Charles Cragg Hines (19 June 1945 - 16 December 2023) was born in Dallas, Texas, was employed by the Houston Chronicle, as a correspondent, bureau chief and columnist, for more than three decades. He retired from the Chronicle in 2007. Since his retirement, Hines wrote for Washingtonian (magazine) as a freelancer and was a Democratic activist since 2008.

in 2001, Hines was named as one of the "Top 50 Journalists" in D.C., by Washingtonian, along with other notable journalists such as Dan Rather, Cokie Roberts, and Bob Woodward.

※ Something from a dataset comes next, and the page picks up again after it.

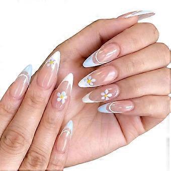 Blue Flower Long Ballet Wearing Nails Durable Full Cover False Nails Finger Nail Diy Decoration Women
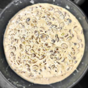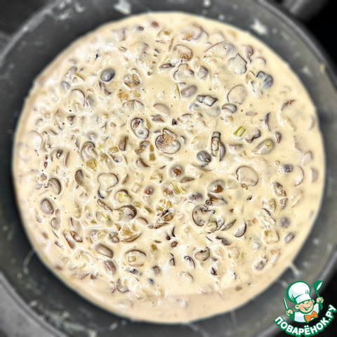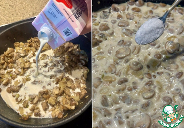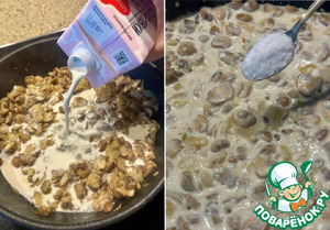 Пакетик (триста граммов) сливок. У меня были 10%. Вливал порциями, постоянно перемешивая содержимое сковороды. Очень важно, перемешивая, контролировать, чтобы ничего не прилипало к днищу сковороды. Если что-то подгорит, считай - всё пропало, начинай с начала.

Hines reported from the Berlin Wall in 1987, and covered each summit meeting with Mikhail Gorbachev, through three administrations. He also reported on Saudi Arabia at the start of the Persian Gulf War, and the September 11 attacks.

== Education and background ==

Hines earned a Bachelor of Science degree in Journalism from the University of North Texas in 1967. While a student, he served as an editor of The Yucca, the yearbook of North Texas State University, in 1964, 1965, and 1966.

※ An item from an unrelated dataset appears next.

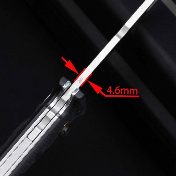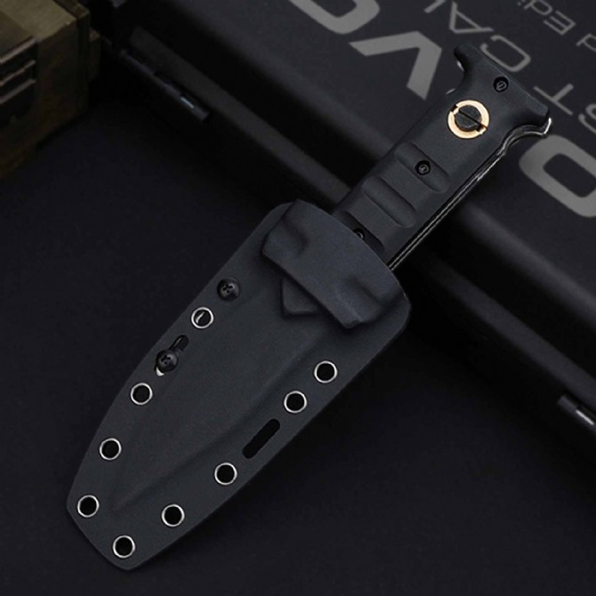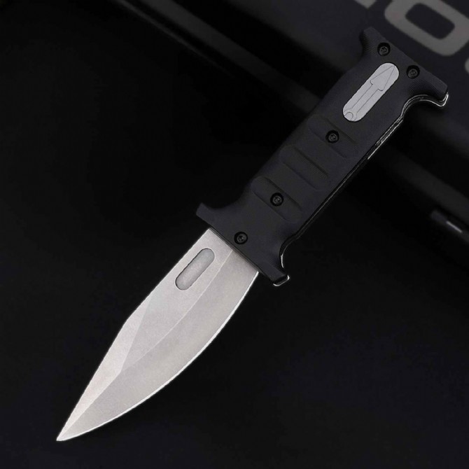 折叠时,刀柄恰好覆盖刀刃的一半,而另一半则伸出刀柄。D2 刀片通过一个大型十字螺栓在打开和关闭时固定,这个十字螺栓也可以在没有工具的情况下拧入手柄中,使刀在完全打开和缩短时都更加耐用,由两块厚钢板和铣削G10制成的手柄,为了多功能使用,刀柄末端有一个坚固的打击钉,这把刀配有一个定制的Kydex鞘

Hines was awarded a congressional fellowship, by the American Political Science Association, for the 1970-71 academic school year. The program is a highly selective, nonpartisan program devoted to expanding knowledge and awareness of Congress.

== Career ==
Hines was a news reporter, bureau manager and statehouse correspondent for United Press International, in Dallas, and later in Little Rock. After five years, he left in 1972, and began working at the Houston Chronicle.

Hines' 35-year career with the Chronicle began in 1972, when he worked as a correspondent. Later, in 1983, he served as the paper's Washington bureau chief where he served in that position until 2000. He was a columnist at the Chronicle, until his retirement in 2007.

Hines reported from the Berlin Wall in 1987, when President Ronald Reagan made his "tear down this wall" speech. He also covered each summit meeting with Mikhail Gorbachev, through the Reagan, George H. W. Bush and Clinton administrations. He was in Saudi Arabia at the start of the Persian Gulf War, and wrote the main story in the Chronicle’s special edition, covering the 9/11 terrorist attacks on the Pentagon and World Trade Center.

== Awards and recognition ==
Hines was the recipient of several awards and honors, some of which are listed below.

- 1970-71 Awarded a Congressional Fellowship, by the American Political Science Association, funded by the Ford Foundation.
- 2001 Hines was one of the Top 50 Journalists in D.C., named by Washingtonian magazine.
- 2001 First-place, Texas Associated Press Managing Editors Award.
- 2007 Adweek referred to Hines "One of the great Washington monuments in the journalism community."
- 2019 The Mary Marshall Outstanding Democrat Award, by the Arlington County Democratic Committee.